■ The task:
Your answer must be exactly the lines from the one containing "dimensions, tyre spring" through the end of the material, both ends included, without pictures.

■ Given information:
....

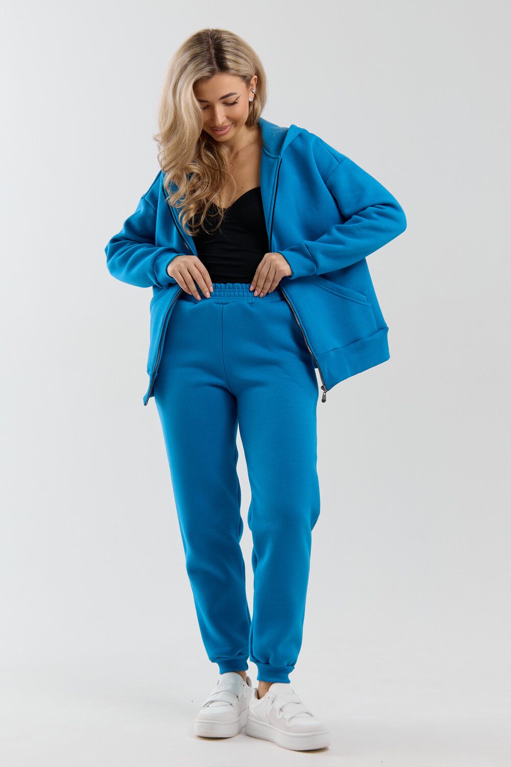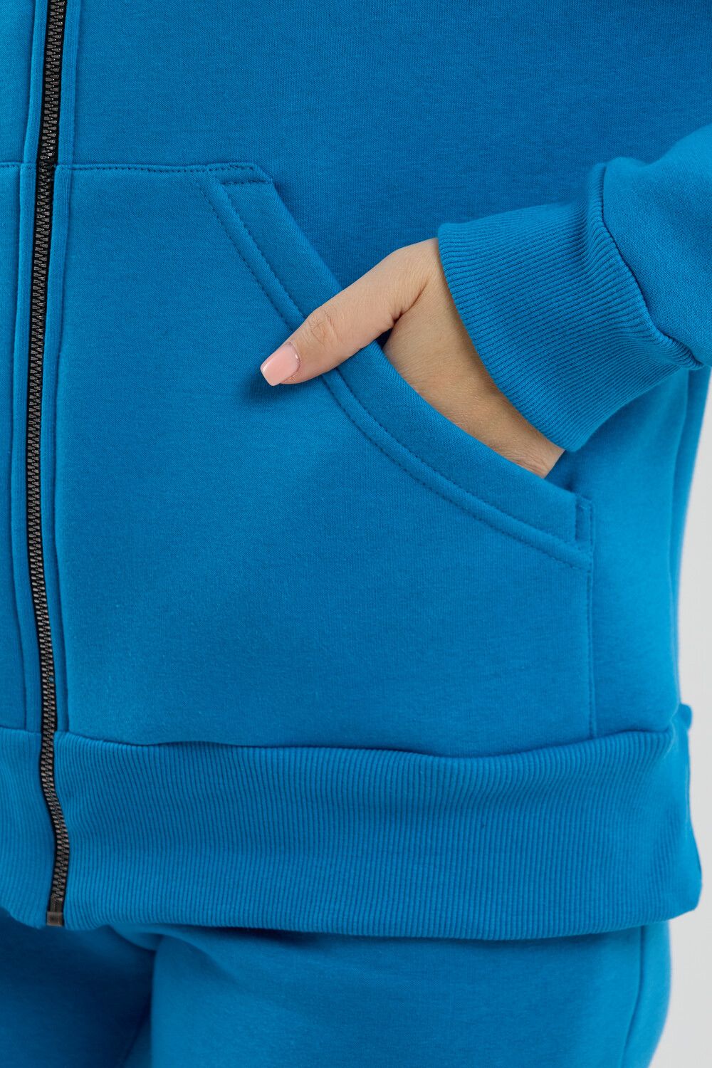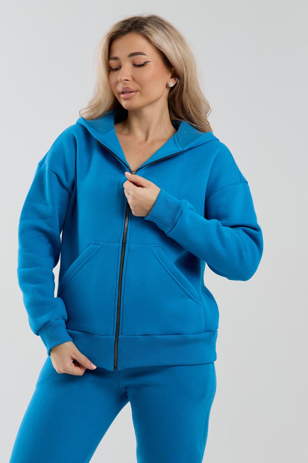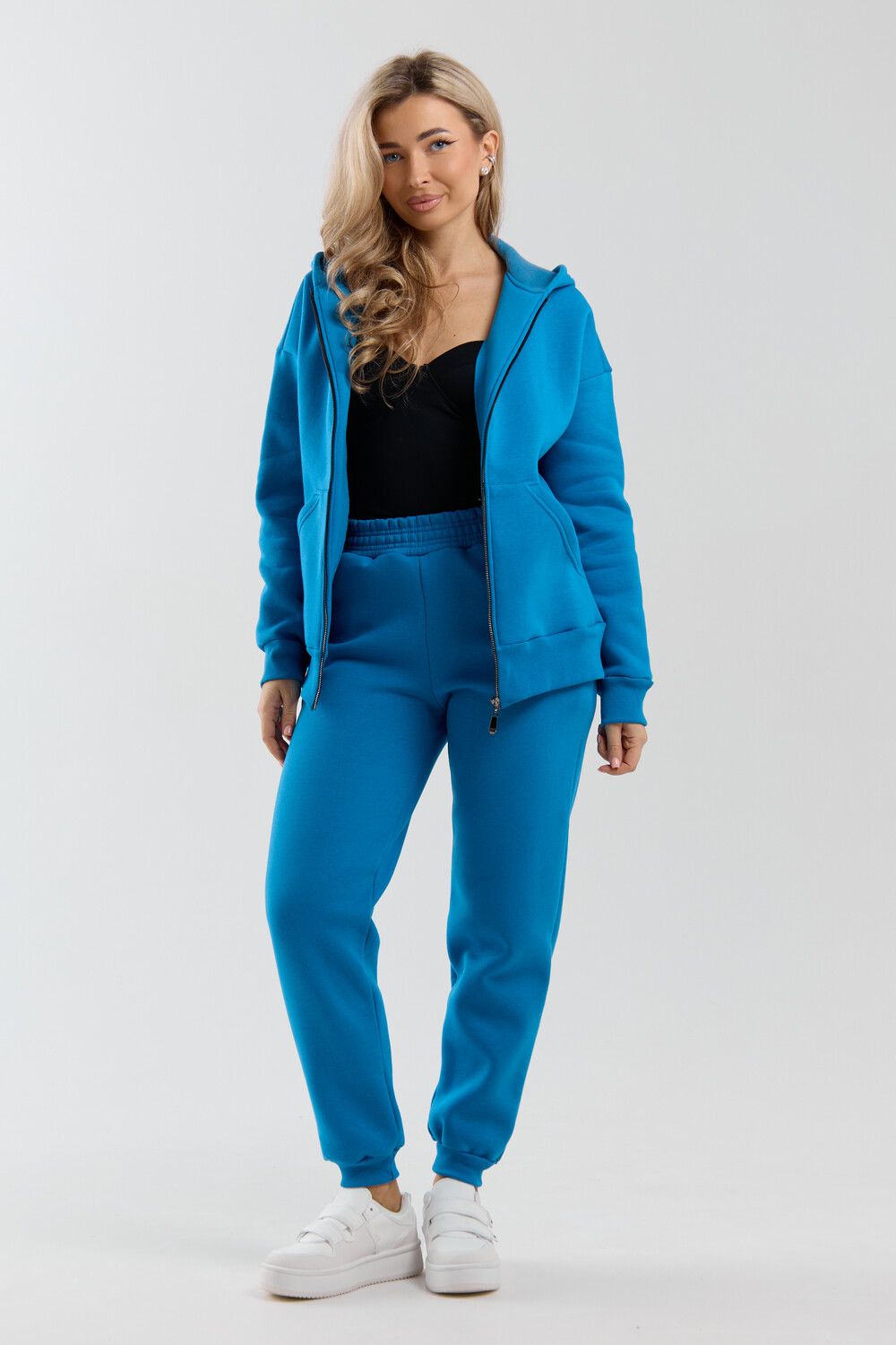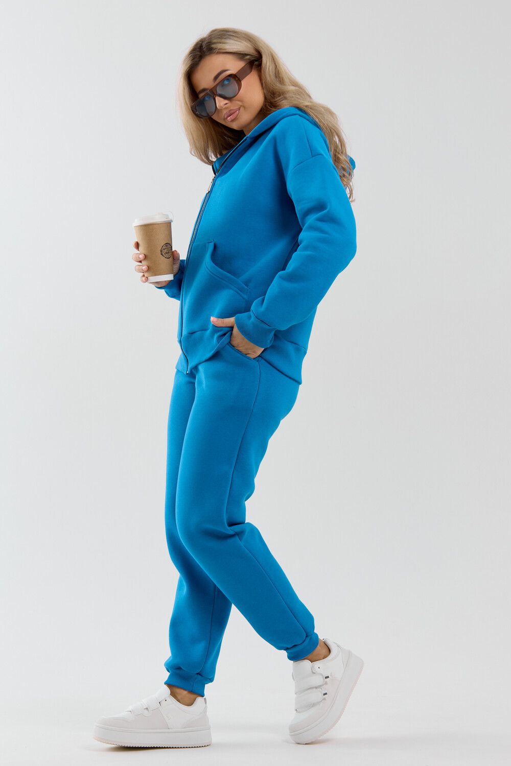 Модный женский костюм выполнен из качественного футера 3-нитки с начёсом, который обладает необыкновенной мягкостью, натуральностью, гипоаллергенностью и формоустойчивостью (при правильном уходе и стирке 30-40 °С), и обеспечивает максимальное удобство и комфорт при носке. Костюм состоит из современной "zip hoodi" свободного силуэта, которую дополняет: рукав с актуальной сейчас спущенной линией плеча, удобные карманы кенгуру и манжеты. Молния выполнена из качественных пластиковых зубьев закрепленных на прочной тесьме со стойким металлическим напылением, что обеспечивает плавное скольжение бегунка. А также удобные брюки, которые дополнены вместительными боковыми карманами, поясом выполненным на специализированной поясной машине и манжетами выполненными из качественного кашкорсе. Длина рукава указана от точки основания шеи.
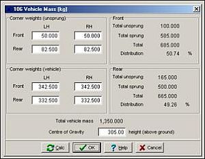 dimensions, tyre spring rate, corner weights, centre of gravity, brake
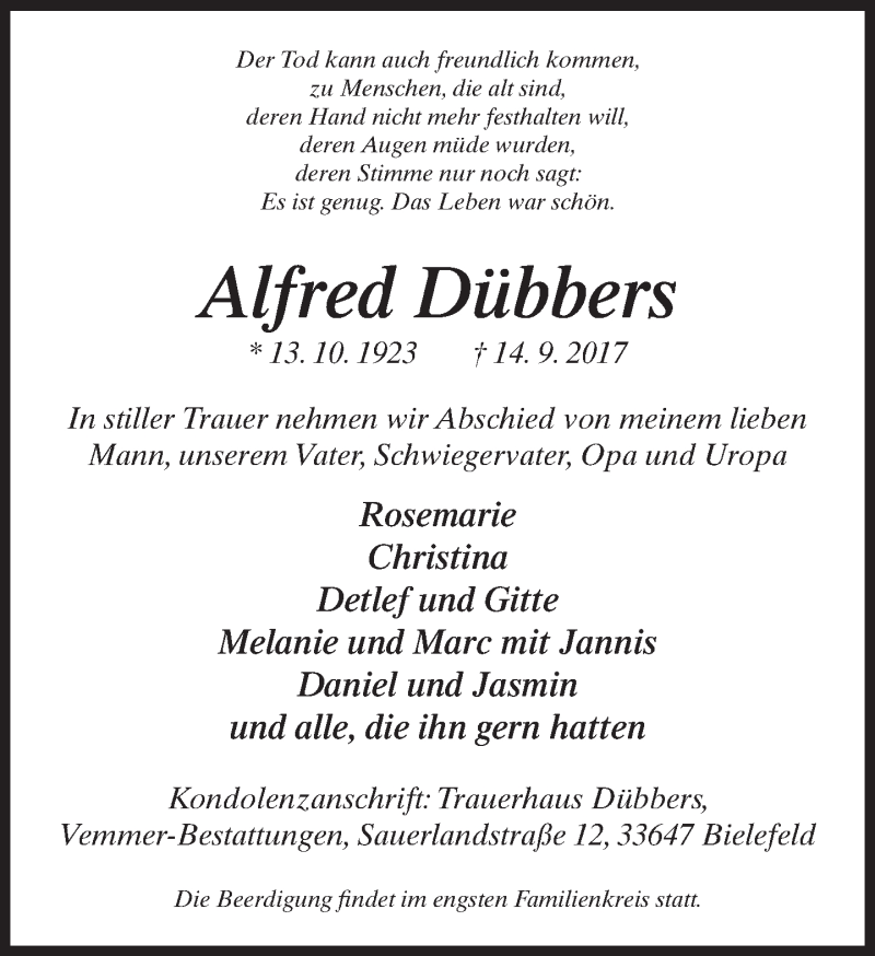 Hier finden Sie alle Traueranzeigen aus der Zeitung, die bisher für Alfred Dübbers erschienen sind. Weitere Traueranzeigen, die in der Zeitung erscheinen, werden hier ebenfalls aufgelistet

....

■ Exercise answer:
 dimensions, tyre spring rate, corner weights, centre of gravity, brake
 Hier finden Sie alle Traueranzeigen aus der Zeitung, die bisher für Alfred Dübbers erschienen sind. Weitere Traueranzeigen, die in der Zeitung erscheinen, werden hier ebenfalls aufgelistet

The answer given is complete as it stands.